Although specific features of the invention are shown in some drawings and not in others, this is for convenience only as each feature may be combined with any or all of the other features in accordance with the invention. The words “including”, “comprising”, “having”, and “with” as used herein are to be interpreted broadly and comprehensively and are not limited to any physical interconnection. Moreover, any embodiments disclosed in the subject application are not to be taken as the only possible embodiments. Other embodiments will occur to those skilled in the art and are within the following claims.
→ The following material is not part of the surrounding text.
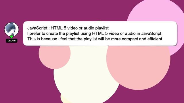 JavaScript : HTML 5 video or audio playlist To Access My Live Chat Page, On Google, Search for "hows tech developer connect" Here's a secret feature that I promised to disclose to you. This is a YouTube's feature which works on Desktop. First, Make sure the video is currently in playing mode. Next, enter the letters 'awesome' on your keyboard. The progress bar on YouTube will be altered to a flashing rainbow. Let me give you a quick introduction about myself, Hello, I am Delphi. I am here to aid you in getting answers to your questions. JavaScript : HTML 5 video or audio playlist I am available to answer your more detailed queries via comments or chat. Don't hesitate to share your answer or insights on the answer by leaving a comment below. I will express my appreciation for your answer by 'hearting' it. audio JavaScript HTML playlist : or video 5
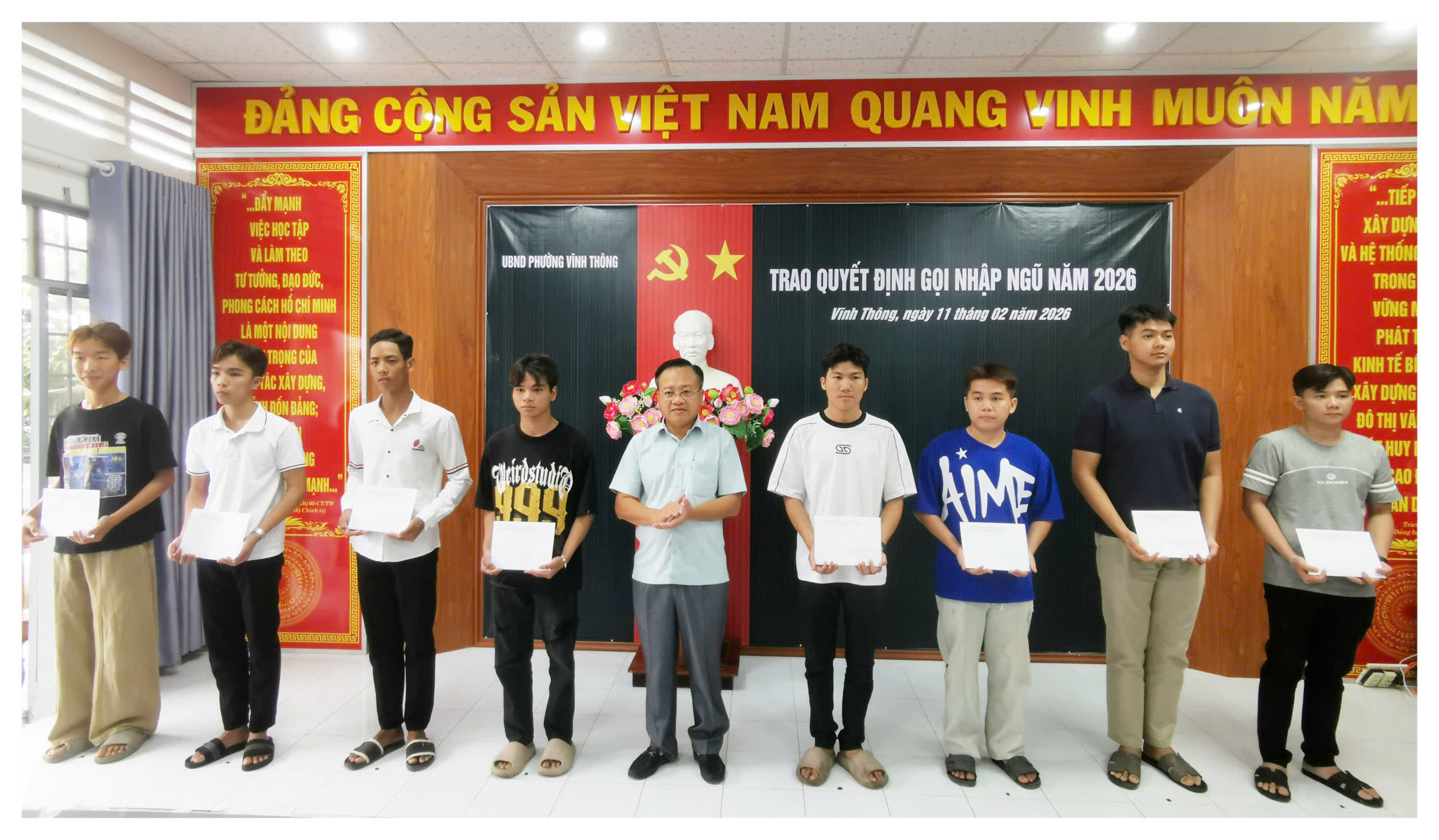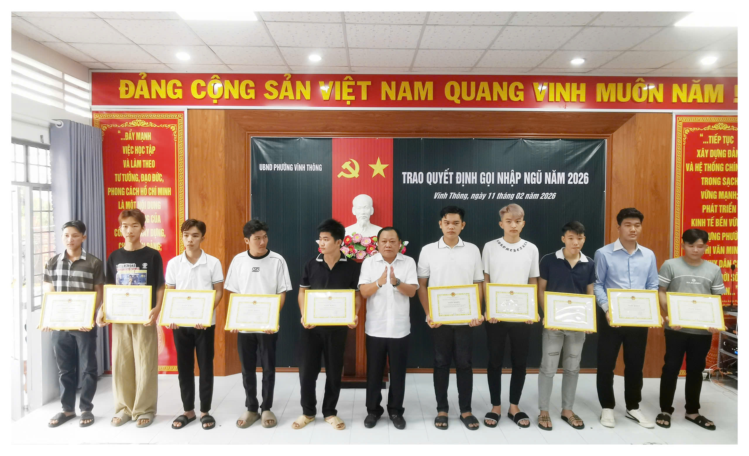 Ngày 11/2/2026 nhằm ngày 24 tháng Chạp năm Ất Tỵ, Hội đồng nghĩa vụ quân sự phường Vĩnh Thông đã tổ chức trao Quyết định gọi công dân nhập ngũ năm 2026. Đồng chí Bùi Phước Châu – Bí thư Đảng ủy và đồng chí Ngô Việt Trung, Phó Bí thư Đảng ủy, Chủ tịch Ủy ban nhân dân phường Vĩnh Thông đã đến dự và trao quyết định cho công dân đủ điều kiện nhập ngũ năm 2026.

In addition, any amendment presented during the prosecution of the patent application for this patent is not a disclaimer of any claim element presented in the application as filed: those skilled in the art cannot reasonably be expected to draft a claim that would literally encompass all possible equivalents, many equivalents will be unforeseeable at the time of the amendment and are beyond a fair interpretation of what is to be surrendered (if anything), the rationale underlying the amendment may bear no more than a tangential relation to many equivalents, and/or there are many other reasons the applicant cannot be expected to describe certain insubstantial substitutes for any claim element amended.